第1次世界大戦:不安を胸に振り返る100年前の世界
(英エコノミスト誌 2013年12月21・28合併日号)

 第1次世界大戦から1世紀を経た現在の世界情勢は、大戦勃発に至る時代に恐ろしいほど似ている。

 今からちょうど100年前の年の暮れ、欧州の大半の人は新年の1914年を楽観的に待ち望んでいた。
 ワーテルローの戦いに始まるその前の100年間も、世界に惨事が全くないわけではなかった。
 米国は悲惨な南北戦争を経験し、アジアの一部地域では戦いがあり、普仏戦争が起こり、時折、植民地紛争もあった。

 だが、欧州大陸は全体として平和だった。
 グローバリゼーションと新技術――電話、蒸気船、鉄道――が世界を1つにつなぎ合わせた。
 ジョン・メイナード・ケインズが、当時のロンドン市民の暮らしを見事に描き出している。

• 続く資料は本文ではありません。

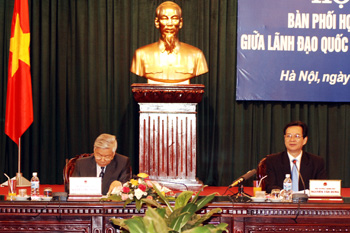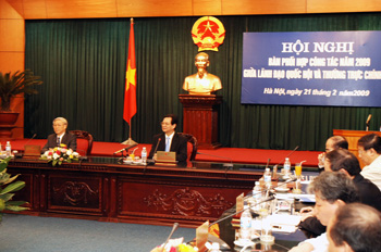 | | | Thủ tướng Chính phủ Nguyễn Tấn Dũng và Chủ tịch Quốc hội Nguyễn Phú Trọng tại Hội nghị - Ảnh Chinhphu.vn | Thời gian qua, sự phối hợp công tác giữa Lãnh đạo Quốc hội và Thường trực Chính phủ ngày càng mang tính chủ động, linh hoạt, kịp thời, thiết thực và hiệu quả hơn. Cùng với đó, các đại biểu dự Hội nghị cũng đánh giá cao vai trò chủ động tham mưu của Văn phòng Quốc hội và Văn phòng Chính phủ đã góp phần tăng cường hiệu quả của công tác chỉ đạo điều hành của Chính phủ, đồng thời nâng cao chất lượng các kỳ họp Quốc hội, các phiên họp của Ủy ban Thường vụ Quốc hội. Phối hợp ngày càng hiệu quả, linh hoạt Năm 2008, trước yêu cầu tập trung xử lý nhiều công việc lớn, cấp bách của đất nước, Lãnh đạo Quốc hội và Thường trực Chính phủ đã tăng cường phối hợp công tác thường xuyên, hạn chế sự trùng lặp, chồng chéo về nội dung. Sự phối hợp chỉ đạo chặt chẽ giữa Lãnh đạo Quốc hội và Thường trực Chính phủ đã bảo đảm sự chủ động, kịp thời trình Quốc hội xem xét, quyết định các vấn đề quan trọng của đất nước cũng như xử lý các vấn đề phát sinh đột xuất trong quá trình điều hành kinh tế xã hội. Các đại biểu đánh giá, Thủ tướng Chính phủ Nguyễn Tấn Dũng trả lời trực tiếp chất vấn của đại biểu Quốc hội đã giải đáp trọn vẹn mọi mối quan tâm, kể cả những băn khoăn của nhân dân đối với những vấn đề trong quá trình điều hành kinh tế-xã hội đất nước, đồng thời đây cũng chính là thành công của Quốc hội. Tuy vậy, đứng trước yêu cầu mới, ngày càng cao của sự phát triển, sự phối hợp giữa Lãnh đạo Quốc hội và Thường trực Chính phủ còn một số hạn chế nhất định. Cụ thể, việc xây dựng các chương trình công tác có thời điểm còn bị động, chưa hợp lý; thời gian và nội dung phiên họp Lãnh đạo Quốc hội và Thường trực Chính phủ có lúc chưa phù hợp với việc triển khai công việc của hai bên. Việc chuẩn bị chương trình xây dựng luật, pháp lệnh hàng năm và cả nhiệm kỳ chưa được chú trọng, đầu tư đúng mức để đảm bảo tính khả thi. Một số dự án luật, pháp lệnh chuẩn bị chưa kỹ, dẫn đến việc triển khai thực hiện các Nghị quyết của Quốc hội gặp nhiều khó khăn. | | | Toàn cảnh hội nghị - Ảnh Chinhphu.vn | Ý kiến đại diện Văn phòng Quốc hội và Văn phòng Chính phủ cho rằng, trước khi đưa dự án luật, pháp lệnh vào chương trình xây dựng hàng năm, cần xem xét kỹ phạm vi, đối tượng điều chỉnh của từng dự án, xác định mức độ tác động đến kinh tế - xã hội khi dự án luật được thông qua để ưu tiên những dự án thực sự cần thiết. Bên cạnh đó, công tác giám sát của Quốc hội, Ủy ban Thường vụ Quốc hội cần tập trung vào các chuyên đề chuyên sâu, có kiến nghị cụ thể về việc sửa đổi, bổ sung các văn bản luật, pháp lệnh và công tác thi hành luật. Hoạt động chất vấn và trả lời chất vấn của các thành viên Chính phủ tại kỳ họp Quốc hội, các phiên họp Ủy ban Thường vụ Quốc hội cần tiếp tục được cải tiến, đổi mới. Một số ý kiến cho rằng, cần rà soát tổng thể công tác xây dựng pháp luật của nước ta hiện nay. Theo đó, các Bộ, ngành phải thực hiện đúng chương trình xây dựng luật, pháp lệnh, văn bản quy phạm pháp luật. Các đại biểu có mặt trong phiên họp bày tỏ ý kiến đánh giá cao chủ trương, giải pháp và công tác chỉ đạo điều hành của Chính phủ trong thời gian qua nhằm ngăn chặn suy giảm kinh tế, ổn định kinh tế vĩ mô, duy trì tăng trưởng hợp lý và bảo đảm an sinh xã hội. Kịp thời xem xét, phối hợp giải quyết những vấn đề phát sinh, đột xuất Lãnh đạo Quốc hội chia sẻ với Thường trực Chính phủ về những khó khăn, thách thức và những vấn đề phát sinh đặt ra đối vối công tác chỉ đạo, điều hành kinh tế xã hội, tiếp tục đưa đất nước phát triển theo đường lối của Đảng và Nghị quyết của Quốc hội đã đề ra. Các đại biểu thống nhất: Bộ Tư pháp và Văn phòng Chính phủ có vai trò rất quan trọng trong việc thẩm tra, lấy ý kiến, trình các dự án luật. Bên cạnh đó, cần tăng cường củng cố cơ quan pháp chế của các Bộ, ngành, góp phần xây dựng dự án luật đạt chất lượng ngay từ khâu đầu. Các đại biểu cũng cho rằng: Năm 2009 và những năm tiếp theo Lãnh đạo Quốc hội và Thường trực Chính phủ cần có sự thống nhất phối hợp công tác một cách cụ thể, chi tiết. Chẳng hạn việc bố trí lịch họp của Ủy ban Thường vụ Quốc hội và lịch họp Chính phủ không trùng thời điểm; trong kỳ họp thứ 5 Quốc hội khóa XII sắp tới, Quốc hội sẽ xem xét và thông qua 13 dự án Luật, vì vậy trước 10 ngày diễn ra kỳ họp này Lãnh đạo Quốc hội và Thường trực Chính phủ cần trao đổi, thống nhất công tác chuẩn bị thật chi tiết. Chủ tịch Quốc hội Nguyễn Phú Trọng n

■ケインズが描いた暮らしから過去に例を見ない悲惨な戦争へ

 「朝の紅茶をベッドでゆっくり飲み」、
 「世界中のさまざまな商品」
の配達を注文し――彼が現代に生きていたらアマゾン・ドットコムでそうしただろう――、
 そうした状況を
 「ごくありふれた、確かな、良くなりこそすれ、いつまでも変わらずにあるもの」
だと書いているのだ。

 ケインズのベッドサイドのテーブルには、ノーマン・エンジェルの『The Great Illusion(大いなる幻想)』も置かれていたかもしれない。
 この本の中では、欧州各国の経済がこれほど一体化していては、戦争は無益でしかないという主張が展開されている。

 だが、1年と経たないうちに、世界は過去に例のない悲惨な戦争に巻き込まれた。
 900万人の命が失われた。
 ソビエト・ロシアの誕生、あまりにもいい加減に引き直された中東諸国の国境、そしてヒトラーの台頭など、その後の様々な地政学的な悲劇も勘定に入れれば、犠牲者の数はその何倍にも膨らむ。

 自由の友だったテクノロジーは残虐行為の道具となり、恐るべき規模で人々を殺戮し、奴隷化した。
 世界中に障壁が張り巡らされた。
 特に1930年代の世界大恐慌の時代には壁が高くなった。

 ケインズの時代のロンドン市民が享受していたグローバリゼーションが再び動き始めるのは、1945年になってからだ。
 見方によっては、グローバリゼーションの再開は、東欧が解放され、鄧小平の改革が中国で実を結び始めた1990年代まで待つ必要があったとも言えるだろう。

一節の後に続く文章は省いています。